WORK REQUIRED -
In your copy, include every line of the listing below exactly but none of the pictures.

DATA SHOWN -
^^^^
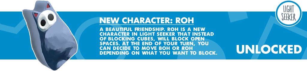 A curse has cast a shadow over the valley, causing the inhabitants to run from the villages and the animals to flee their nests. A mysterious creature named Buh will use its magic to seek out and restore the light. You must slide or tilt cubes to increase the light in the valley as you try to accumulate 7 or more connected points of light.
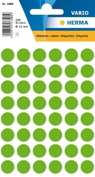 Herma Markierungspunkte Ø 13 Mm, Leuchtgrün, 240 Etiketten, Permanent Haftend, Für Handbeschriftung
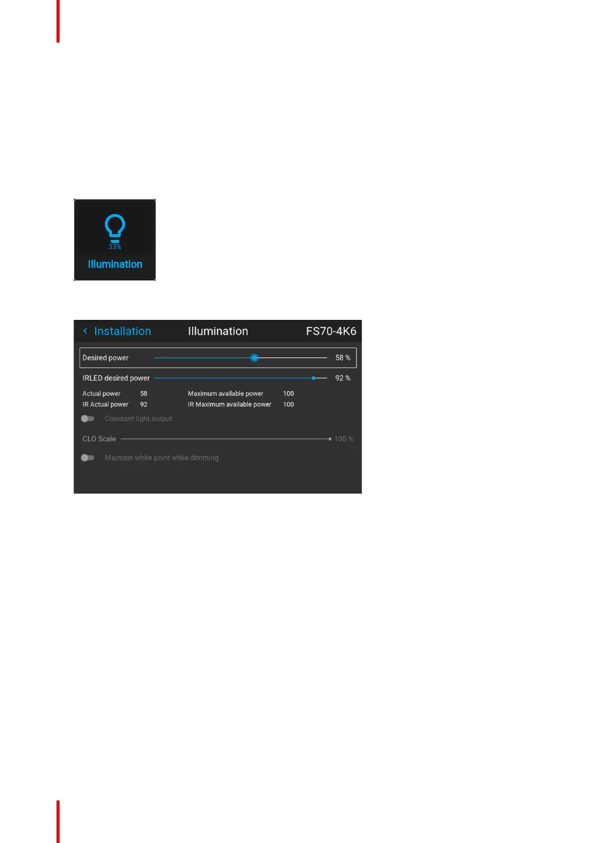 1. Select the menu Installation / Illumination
^^^^
ANSWER BOX -
 A curse has cast a shadow over the valley, causing the inhabitants to run from the villages and the animals to flee their nests. A mysterious creature named Buh will use its magic to seek out and restore the light. You must slide or tilt cubes to increase the light in the valley as you try to accumulate 7 or more connected points of light.
 Herma Markierungspunkte Ø 13 Mm, Leuchtgrün, 240 Etiketten, Permanent Haftend, Für Handbeschriftung
 1. Select the menu Installation / Illumination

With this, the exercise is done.